Die Intelligenz hinterlässt seltsame Abdrücke im Matsch der Zeit. Einer ihrer kuriosesten ist ihr Suizidversuch durch die Instandsetzung längst überwundener Strukturen ...
Es ist ja nicht zu glauben, so möchte man meinen, aber, bei genauem Hinsehen, zeigt sich die Höherentwicklung eines Wesens offenbar als eine Art Krankengeschichte, deren Verlauf tödlich sein kann. Abgesehen davon, daß sowieso jedes Wesen, jedes Volk, jede Kultur einmal im Grab der Vergangenheit endet, ist es doch bemerkenswert, daß die primitiveren Varianten anscheinend die Fähigkeit zum penetranten Überdauern besitzen. Anders formuliert: Sie haben Krallen am Arsch!
Mehr oder weniger hirnlose, wenig innovativ veranlagte Spezies treiben sich – wie wir wüssten, wenn wir uns darum kümmerten – am längsten auf der Erde herum. Nichts wissen, nichts erfinden, über nichts nachdenken, das sind DIE Garanten für das beinahe ewige Leben. Die jedoch anfällig sind für Ideen, sowie tiefere Gefühle, sehen sich ausgesetzt den Wogen körperlicher und geistiger Mainstream-Gezeiten, die das Standhalten sensibler Kreaturen nicht zu dulden scheinen.
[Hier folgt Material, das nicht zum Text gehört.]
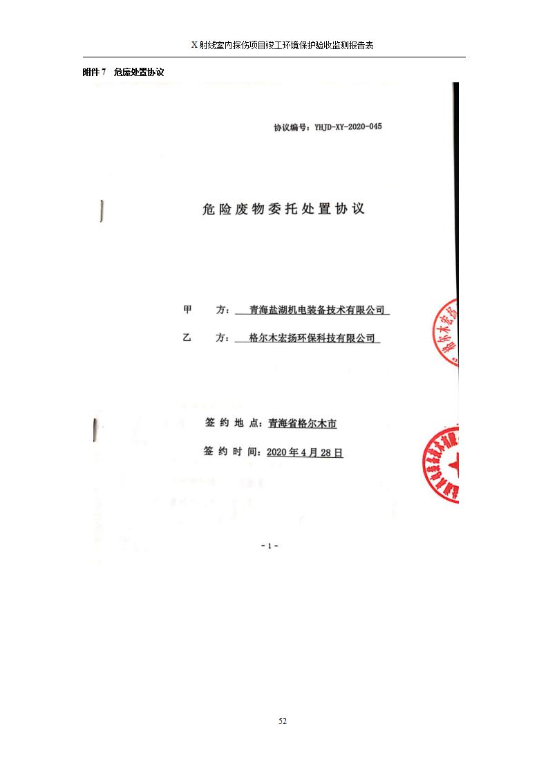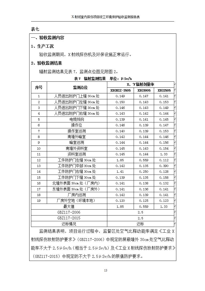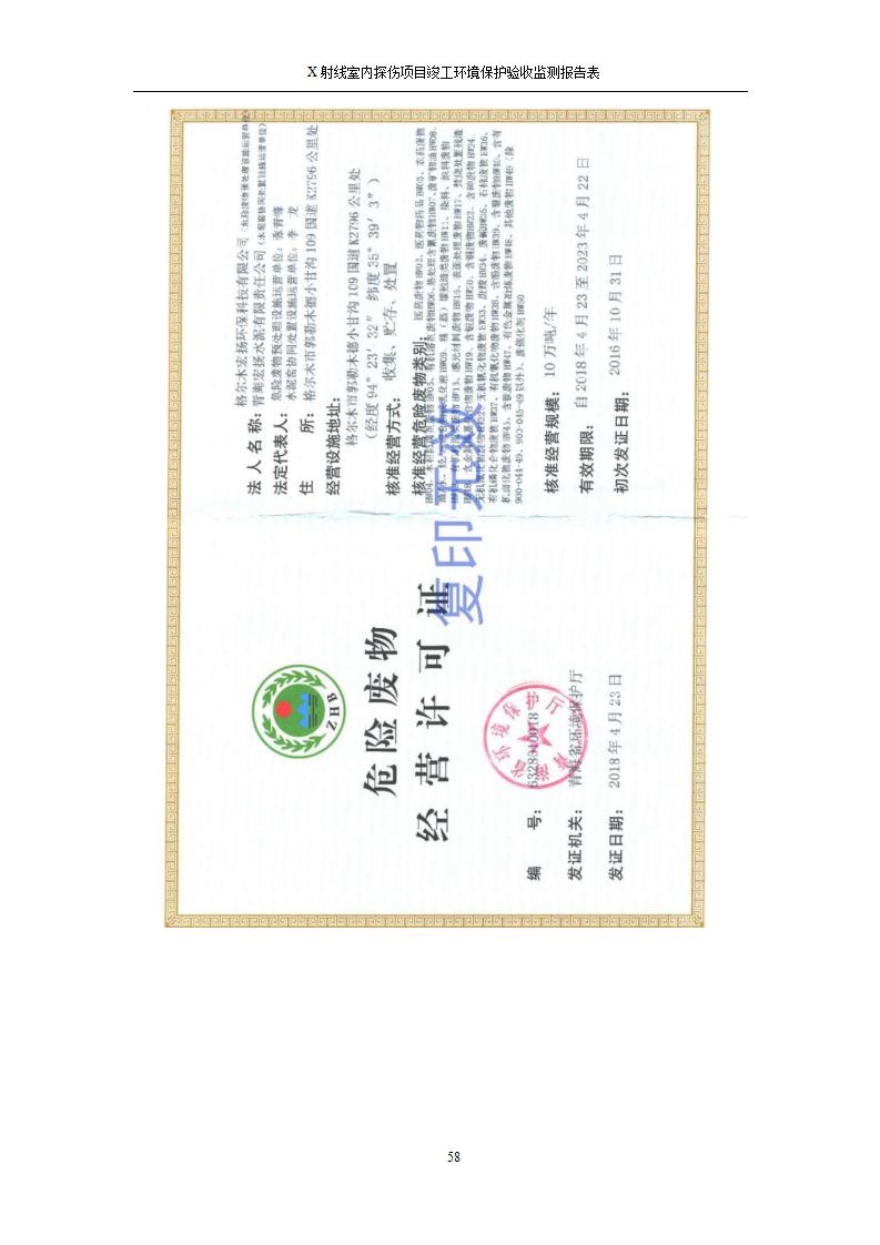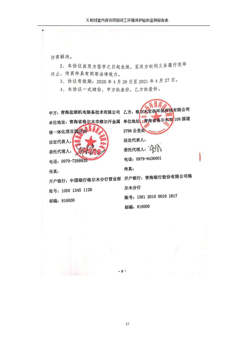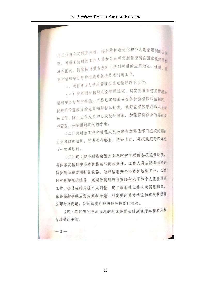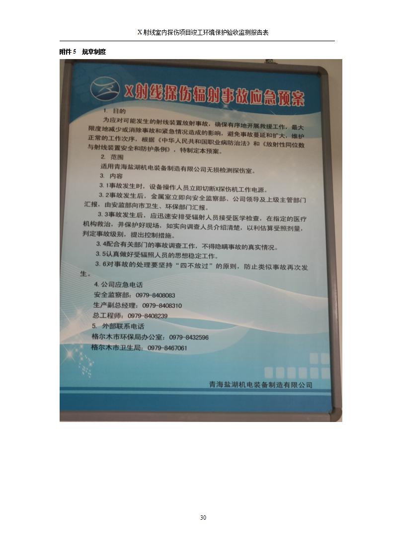 根據(jù)中華人民共和國國務院令第682號《國務院關(guān)于修改〈建設項目環(huán)境保護管理條例〉的決定》和《建設項目竣工環(huán)境保護驗收暫行辦法》(國務院令682號),青海鹽湖機電裝備技術(shù)有限公司X射線室內(nèi)探傷項目竣工環(huán)境保護驗收監(jiān)測報告表公示如下。 一、項目名稱:X射線室內(nèi)探傷項目竣工環(huán)境保護驗收監(jiān)測報告表 二、地點:青海省海西州格爾木市察爾汗鹽湖金屬鎂一體化項目園區(qū)內(nèi) 三、建設單位:青海鹽湖機電裝備技術(shù)有限公司 四、建設內(nèi)容:本項目位于公司三號車間廠房內(nèi),探傷室長21m,寬9.3m,共有3臺X射線探傷機。 五、聯(lián)系人:楊工 六、聯(lián)系電 話:0971-6515411 七、公示時間:二〇二〇年七月十日至二〇二〇年八月六日 公示期間,對上述公示內(nèi)容如有異議,請以書面形式反饋,個人須署真實姓名,單位須加蓋公章。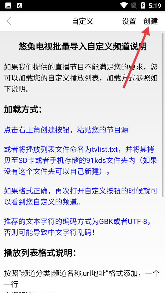 3、在自定義說(shuō)明頁(yè)面點(diǎn)擊右上角【創(chuàng)建】,進(jìn)入自定義節(jié)目源添加頁(yè)面。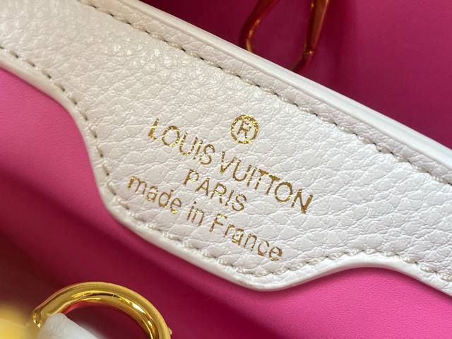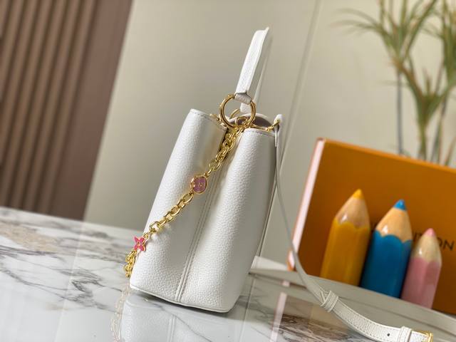 Capucines 中号手袋沐浴新季洗礼:金属 Monogram 花卉通过手工抛光和上釉显色,以精致链条串连。巧用可拆卸并调节的纤细肩带,探索更多背携方式。

Sobald wir uns näher mit diesem Thema befassen, fällt uns auf, daß nur im Tierreich der Sieger zumindest das absehbare Überleben gepachtet hat. Anders beim Homo sapiens. Der verträgt das Siegen nicht! Er wird sofort übermütig, unvorsichtig, eingebildet, ja sogar schwachsinnig! Bei ihm zeichnet sich ein Prozess ab, den man nur als pathologisch bezeichnen kann, sobald er irgendwo gesiegt hat. Dann liegt er (denk)faul in der Gegend herum, wobei es ihm gefällt, alles zu bagatellisieren!
Raubtiere sind plötzlich Schoßhündchen, die keinem etwas zuleide tun können, wie Wölfchen, Bärchen, Tigerchen, usw. Alle werden zu Comicfiguren, inklusive der Mensch selbst – außer den früheren, den besiegten Feinden vielleicht, vor denen er plötzlich die größte Achtung hat. Neandertaler stilisiert er zu respektablen Geistesgrößen hoch, die mindestens so klug sind wie er selbst, wenn nicht gar ... und auch noch näher mit ihm verwandte Lebensformen genießen sein aufrichtiges Mitgefühl. Er scheut sich davor, sie zu verunglimpfen. Schließlich hat er ihnen schon genug Leid angetan.
Selbstverständlich kann nicht jeder Otto Normal Homo sapiens genauestens Bescheid darüber wissen, warum seine Vorfahren sich wehren mussten und mit welchen Mühen es ihnen schließlich gelang, sich von einer bedrohten Art zur vorherrschenden Klasse emporzukämpfen und zu –arbeiten. Er kann sich auch nicht unbedingt selber daran erinnern, daß dies nur mit knapper Not gelang, ansonsten gäbe es ihn, den zivilisierten Homo sapiens gar nicht, aber muss er deshalb sich selbst, den einstigen Sieger, gleich verteufeln?
In der „guten Gesellschaft“ heute tonangebender Schichten, ist es richtiggehend Mode geworden, streunende Geschöpfe bei sich aufzunehmen, die doch nichts weiter verbrochen haben, als eben nur nicht so zu sein, wie die etablierten Menschenwesen sind: tolerant, freidenkerisch, innovativ und naiv! In ihnen erblickt der ehemals stark von ihnen bedrängte und bedrohte Mensch lächerlicherweise seine Zukunft – nicht die Vergangenheit! Aber warum? Sind wir alle geisteskrank geworden? Wissen wir nicht mehr, wie das aussieht, wenn eine Gefahr auf uns zukommt? Oder sind wir einfach zu dekadent, zu sehr in vertrottelte Lebensrhythmen eingefahren, daß wir alles was im Leben wichtig ist, übersehen?
Sagen wir einfach einmal unvoreingenommen: „Ja!“ Denn wenn wir das nicht tun, dann müssen wir uns eingestehen, daß Zivilisation, der Prozess der Zivilisierung nicht hauptsächlich dekadent macht, sondern, vor allem anderen, rücksichtslose Verbrecher protegiert, die an alles Mögliche und Unmögliche denken, nur nicht an unser Wohl!